BASE64 Coding Principle Analysis

Source: Internet
Author: User
Tags control characters

Base64 is one of the most common encoding methods for transmitting 8Bit bytes of code on the network, and before understanding BASE64 encoding, you should understand several basic concepts: bits, bytes.

Bit: bit is the smallest unit of data in the computer.
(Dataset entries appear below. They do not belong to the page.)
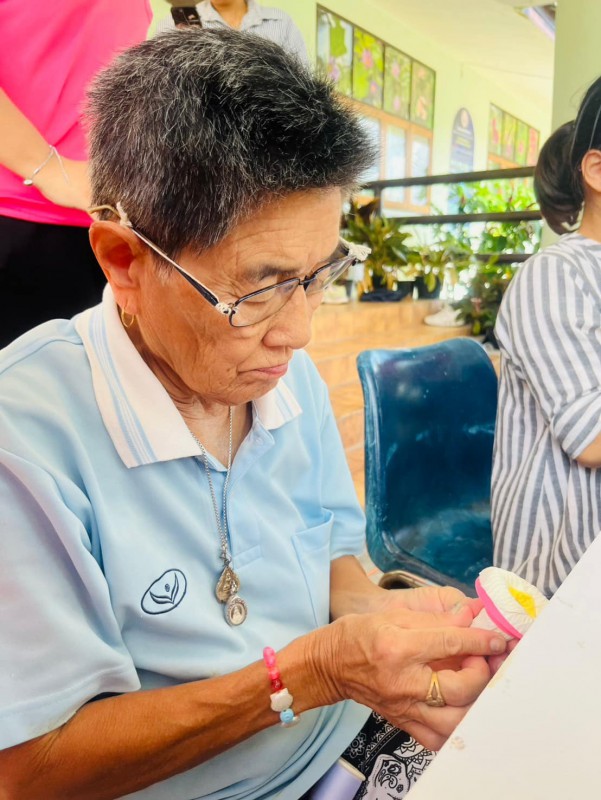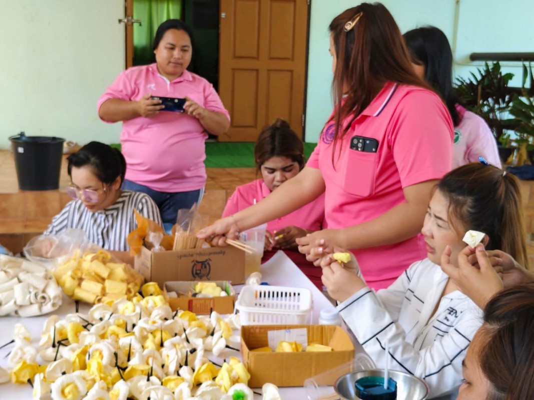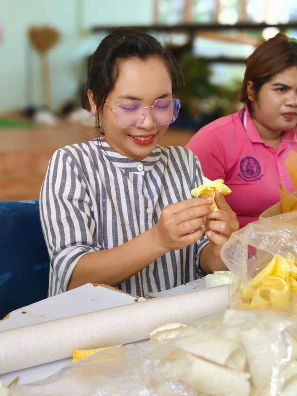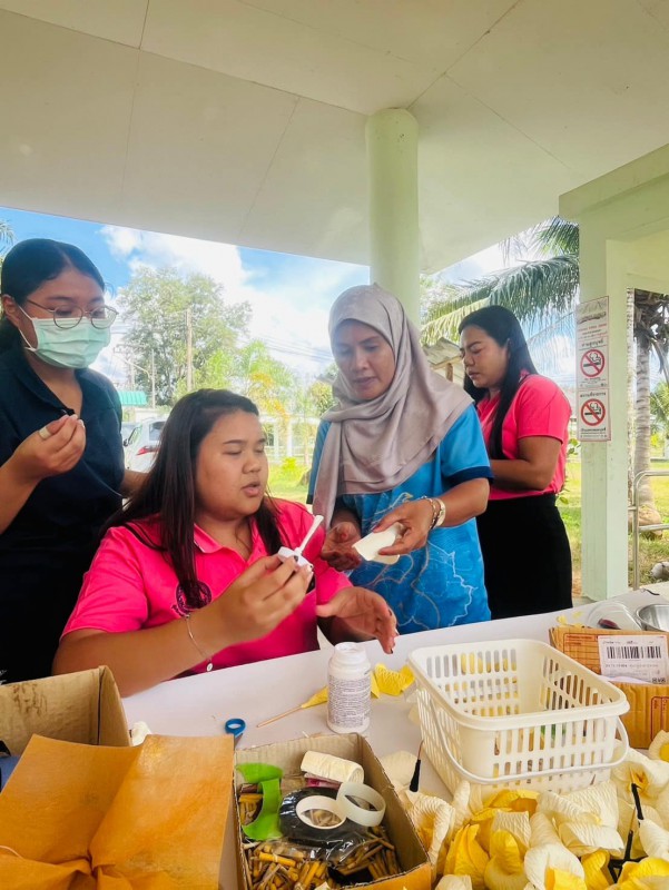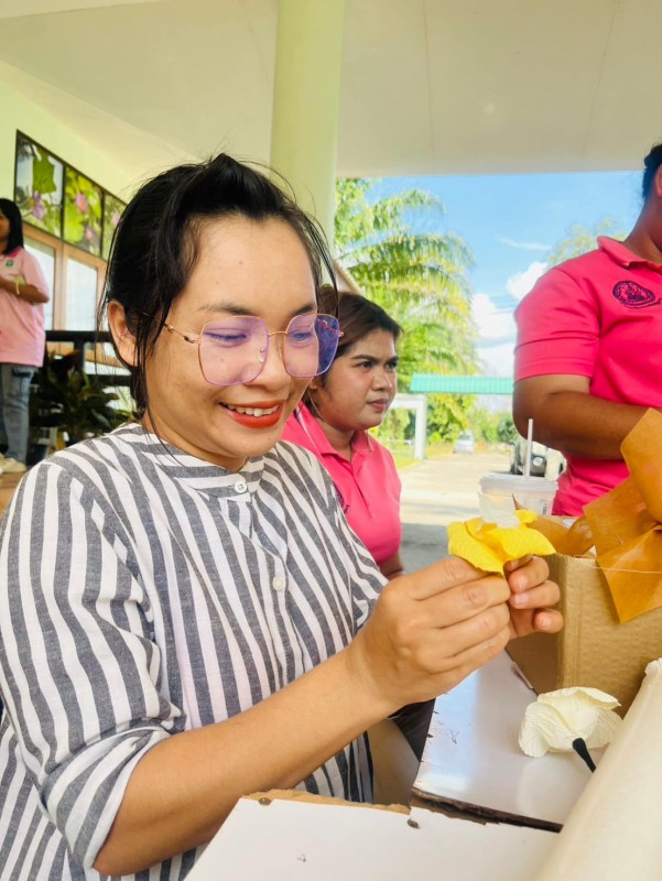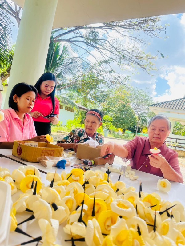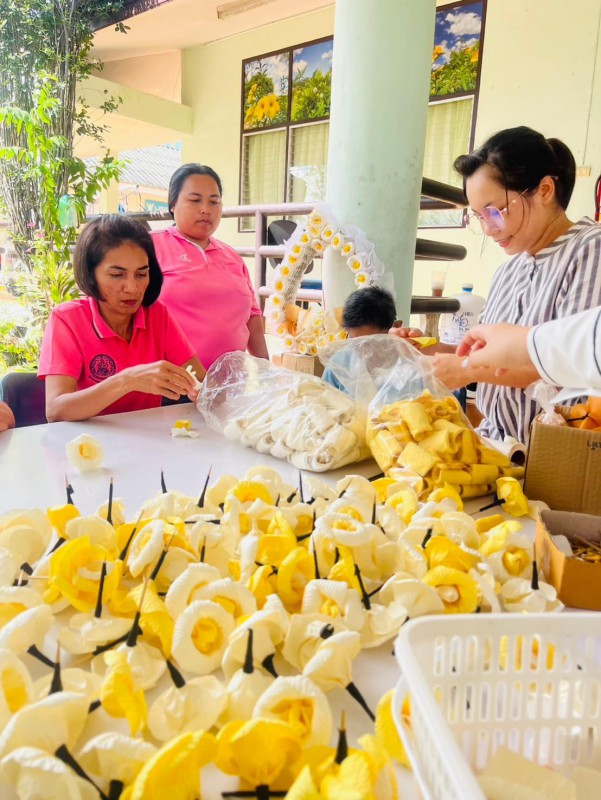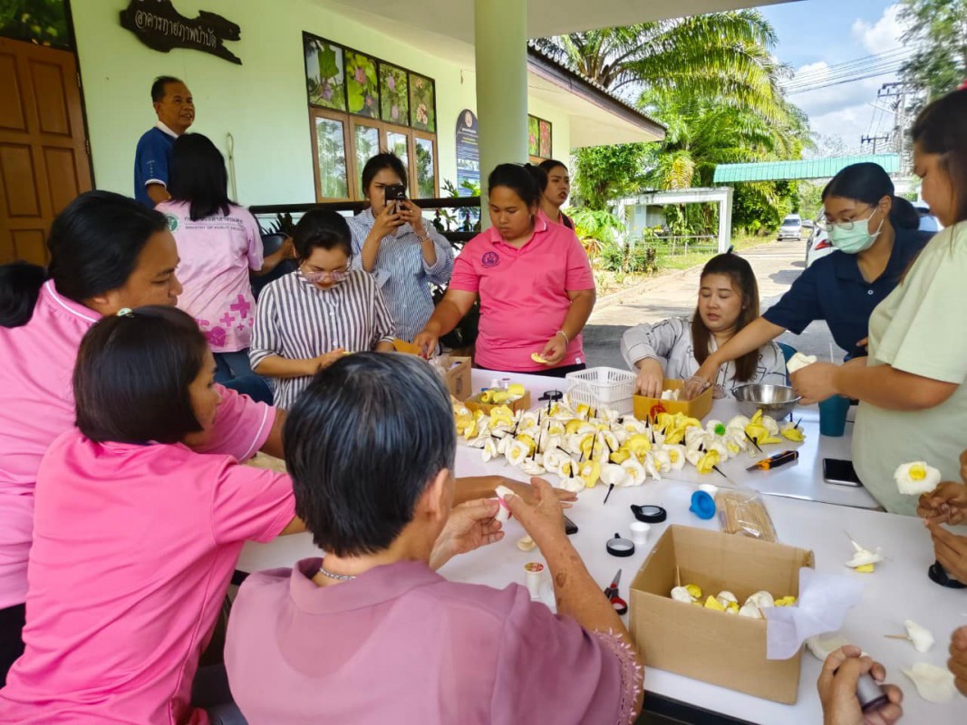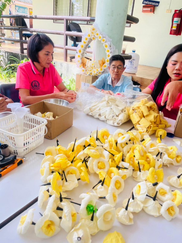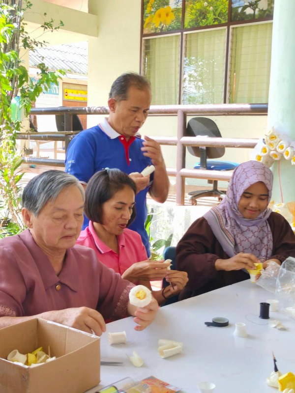 วันศุกร์ที่ 21 กุมภาพันธ์ 2568 ผู้เข้ารับการฝึกอบรมตามโครงการผู้บริบาลผู้สูงอายุในชุมชน เข้าร่วมกิจกรรมอาชีวบำบัดผลิตดอกไม้จันทน์ และพวงหรีดดอกไม้จันทน์ หนึ่งในกิจกรรมอาชีวบำบัดที่สำคัญ
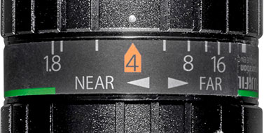 ● 在客户使用频度较高的光圈值F4及拍摄距离50cm的情况下,将光圈调整至镜头镜筒部上标记的橘色F4指标,就能实现图像全范围的、高于2.1μm像素间距(相当于2/3型感应器・1200万像素)的高解像性。
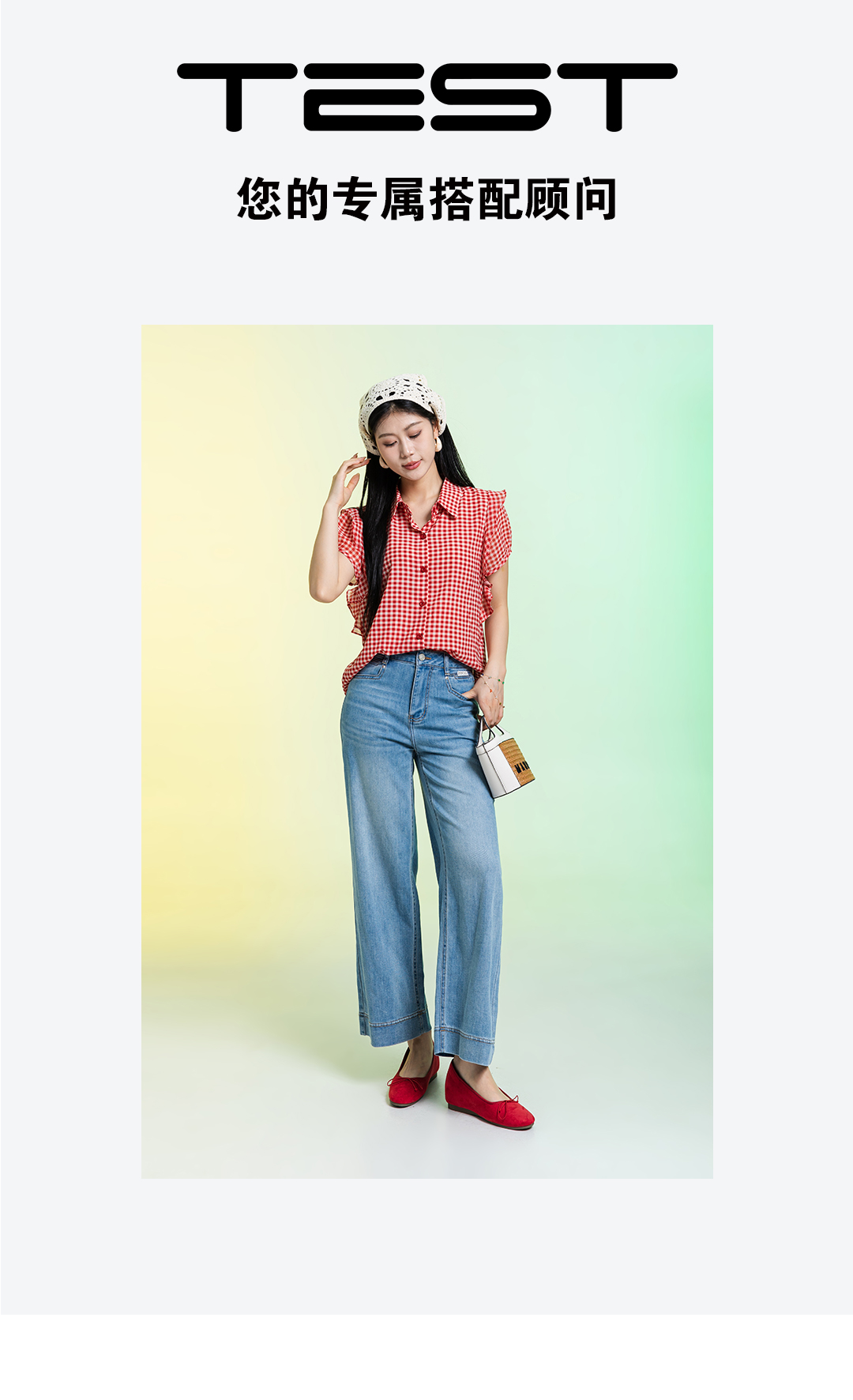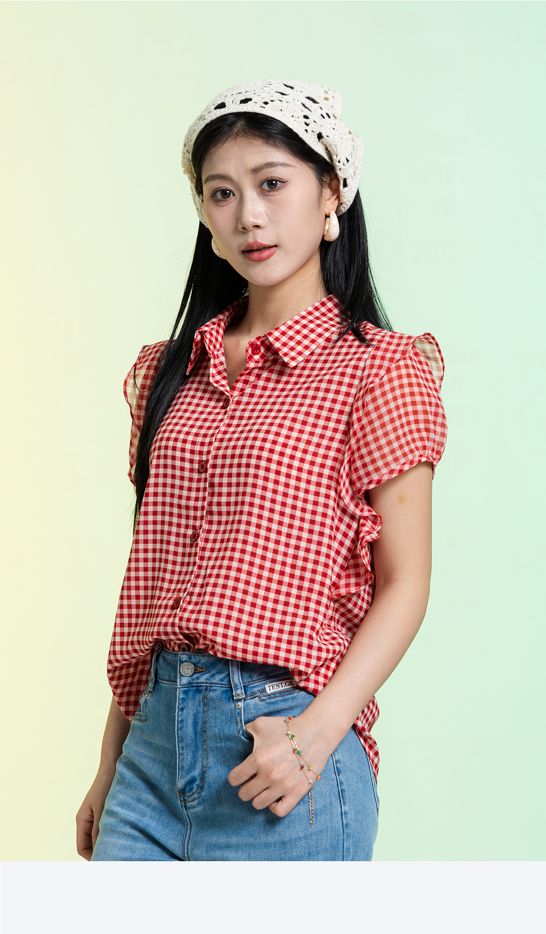 夏上新法式甜美减龄宽松红白格子荷叶边短袖衬衫1262092

The status of each bit can only be 0 or 1;

Bytes: 8 bits constitute 1 bytes (bytes), which is the basic unit of measure for storage space. 1 bytes can store 1 English letters, 2 bytes can store 1 characters;

The role of BASE64 encoding

Because some network transport channels do not support all bytes, such as traditional mail only supports the transmission of visible characters, such as ASCII code control characters can not be transmitted by mail. This is a big limitation, and it is not possible to send all the bytes of the binary stream as visible characters. The best way to do this is to open up a new scheme that supports the delivery of binary files without changing the traditional protocol. The invisible character is represented by the visible characters. Base64 is a representation of binary data based on 64 visible characters.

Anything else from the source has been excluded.